**MATERIAL FOR THE TASK:**

******

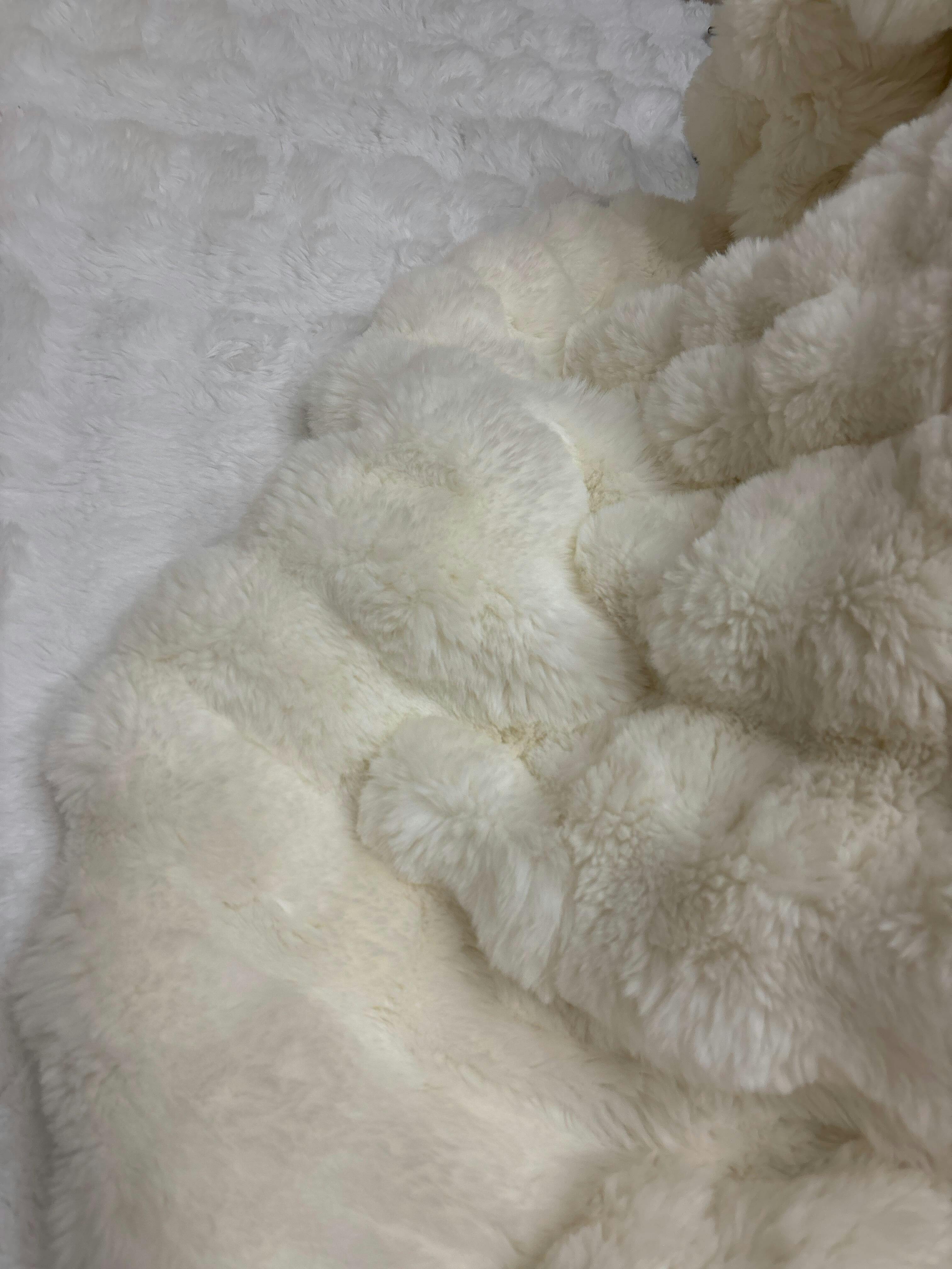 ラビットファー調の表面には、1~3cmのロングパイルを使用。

******

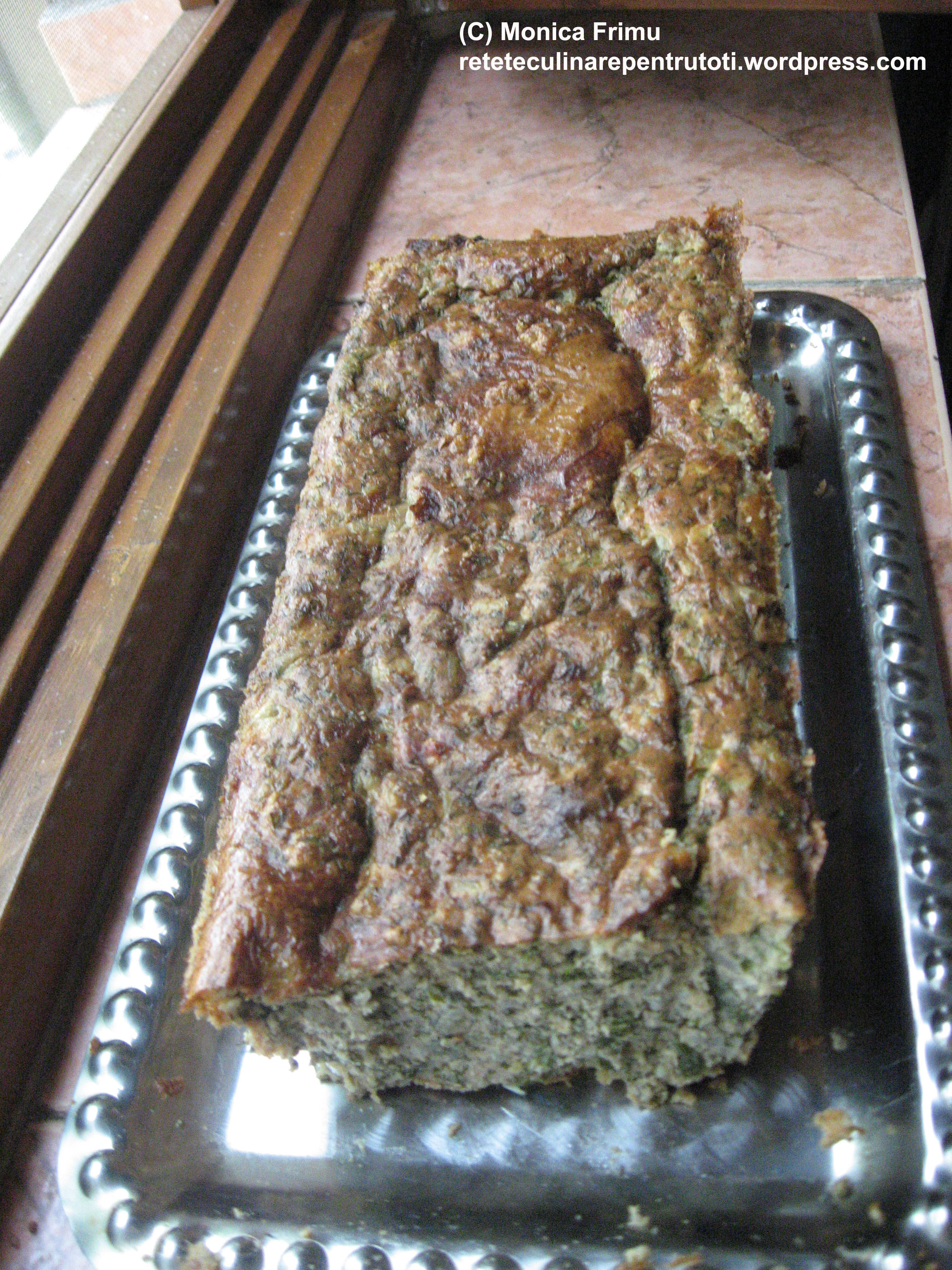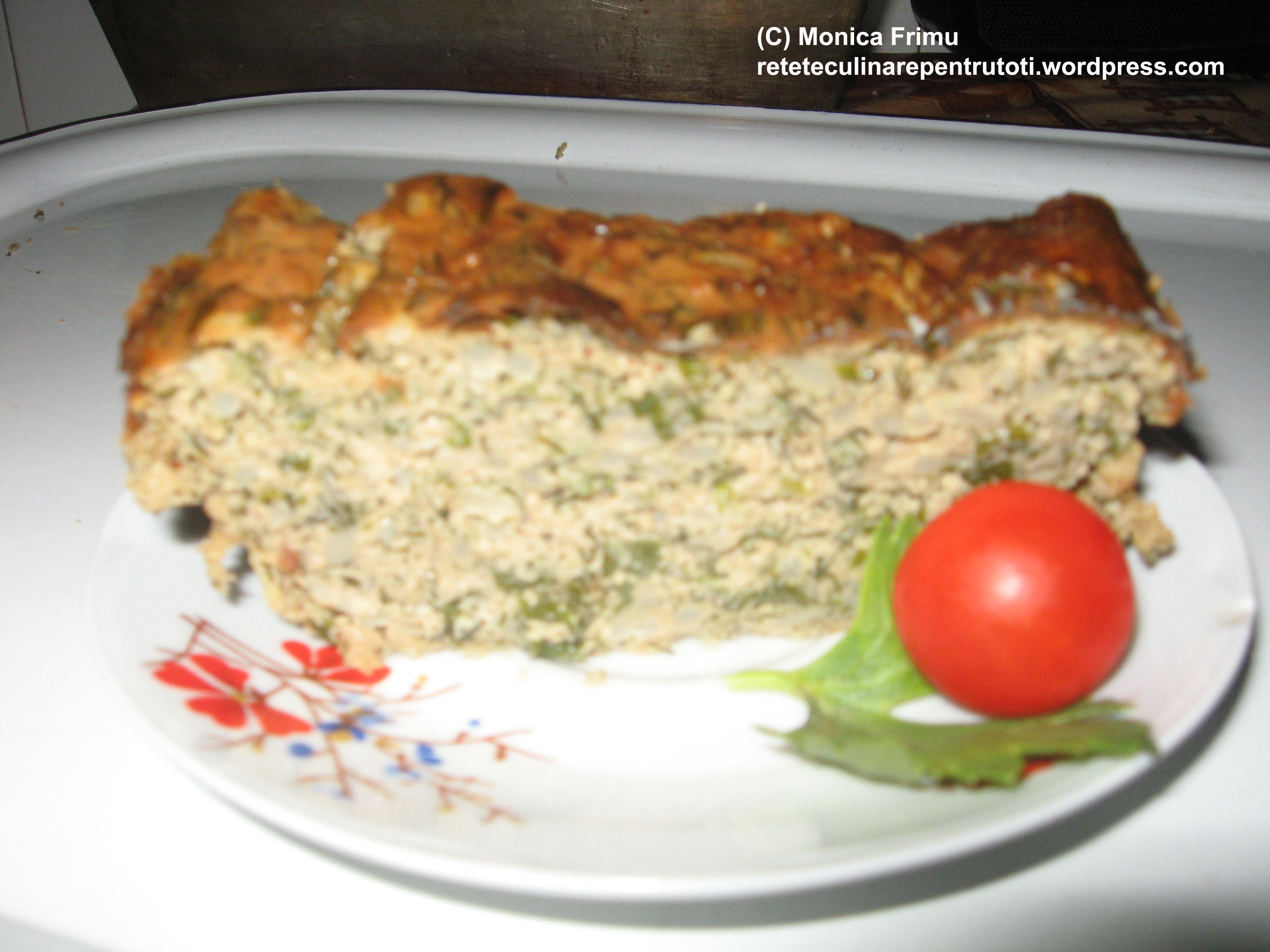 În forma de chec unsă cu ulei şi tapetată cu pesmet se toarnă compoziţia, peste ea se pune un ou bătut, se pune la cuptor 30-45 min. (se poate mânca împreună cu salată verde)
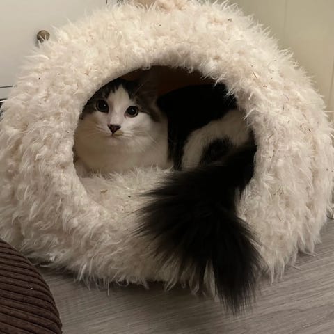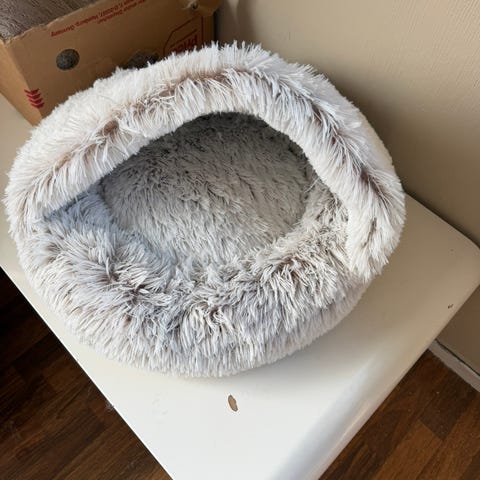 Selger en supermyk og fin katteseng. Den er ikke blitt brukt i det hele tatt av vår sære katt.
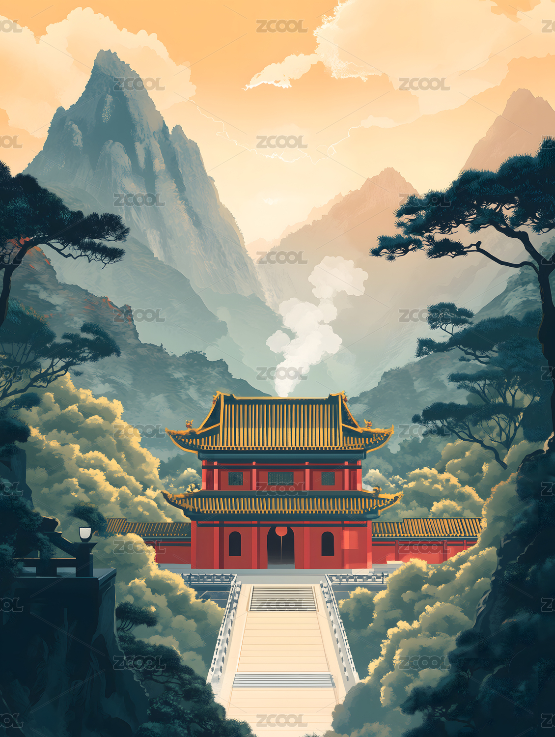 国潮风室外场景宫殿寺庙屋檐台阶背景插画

******

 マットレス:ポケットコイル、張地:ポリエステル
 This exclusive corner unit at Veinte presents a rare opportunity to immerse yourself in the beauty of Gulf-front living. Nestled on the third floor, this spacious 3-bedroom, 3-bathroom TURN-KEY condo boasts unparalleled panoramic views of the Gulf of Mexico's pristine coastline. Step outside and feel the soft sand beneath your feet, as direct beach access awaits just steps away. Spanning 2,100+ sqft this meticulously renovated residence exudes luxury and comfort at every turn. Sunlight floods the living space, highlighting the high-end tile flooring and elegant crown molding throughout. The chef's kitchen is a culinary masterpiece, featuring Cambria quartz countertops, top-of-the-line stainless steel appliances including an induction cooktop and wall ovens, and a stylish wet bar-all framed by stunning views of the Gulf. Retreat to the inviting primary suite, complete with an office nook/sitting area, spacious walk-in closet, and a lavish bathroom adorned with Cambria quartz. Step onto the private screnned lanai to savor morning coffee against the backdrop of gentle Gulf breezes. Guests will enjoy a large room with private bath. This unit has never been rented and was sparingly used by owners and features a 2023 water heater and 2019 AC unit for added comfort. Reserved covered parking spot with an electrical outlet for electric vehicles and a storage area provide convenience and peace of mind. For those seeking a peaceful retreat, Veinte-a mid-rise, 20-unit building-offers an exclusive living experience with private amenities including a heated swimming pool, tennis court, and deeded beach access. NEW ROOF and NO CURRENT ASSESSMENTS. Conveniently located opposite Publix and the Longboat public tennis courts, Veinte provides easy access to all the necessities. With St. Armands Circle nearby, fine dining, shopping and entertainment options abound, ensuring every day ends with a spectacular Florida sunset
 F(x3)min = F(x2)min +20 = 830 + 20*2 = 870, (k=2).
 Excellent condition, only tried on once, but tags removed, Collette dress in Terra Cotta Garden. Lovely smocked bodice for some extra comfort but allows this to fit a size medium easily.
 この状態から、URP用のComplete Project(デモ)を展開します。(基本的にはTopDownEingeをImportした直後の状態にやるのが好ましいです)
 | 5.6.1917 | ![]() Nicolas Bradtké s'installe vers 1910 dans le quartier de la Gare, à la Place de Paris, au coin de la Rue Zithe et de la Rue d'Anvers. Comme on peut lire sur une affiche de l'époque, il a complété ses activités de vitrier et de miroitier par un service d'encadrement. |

******

**TASK DESCRIPTION:**
Search the listing for the string "this". Copy each line where it turns up.

**EXPECTED ANSWER:**
 This exclusive corner unit at Veinte presents a rare opportunity to immerse yourself in the beauty of Gulf-front living. Nestled on the third floor, this spacious 3-bedroom, 3-bathroom TURN-KEY condo boasts unparalleled panoramic views of the Gulf of Mexico's pristine coastline. Step outside and feel the soft sand beneath your feet, as direct beach access awaits just steps away. Spanning 2,100+ sqft this meticulously renovated residence exudes luxury and comfort at every turn. Sunlight floods the living space, highlighting the high-end tile flooring and elegant crown molding throughout. The chef's kitchen is a culinary masterpiece, featuring Cambria quartz countertops, top-of-the-line stainless steel appliances including an induction cooktop and wall ovens, and a stylish wet bar-all framed by stunning views of the Gulf. Retreat to the inviting primary suite, complete with an office nook/sitting area, spacious walk-in closet, and a lavish bathroom adorned with Cambria quartz. Step onto the private screnned lanai to savor morning coffee against the backdrop of gentle Gulf breezes. Guests will enjoy a large room with private bath. This unit has never been rented and was sparingly used by owners and features a 2023 water heater and 2019 AC unit for added comfort. Reserved covered parking spot with an electrical outlet for electric vehicles and a storage area provide convenience and peace of mind. For those seeking a peaceful retreat, Veinte-a mid-rise, 20-unit building-offers an exclusive living experience with private amenities including a heated swimming pool, tennis court, and deeded beach access. NEW ROOF and NO CURRENT ASSESSMENTS. Conveniently located opposite Publix and the Longboat public tennis courts, Veinte provides easy access to all the necessities. With St. Armands Circle nearby, fine dining, shopping and entertainment options abound, ensuring every day ends with a spectacular Florida sunset
 Excellent condition, only tried on once, but tags removed, Collette dress in Terra Cotta Garden. Lovely smocked bodice for some extra comfort but allows this to fit a size medium easily.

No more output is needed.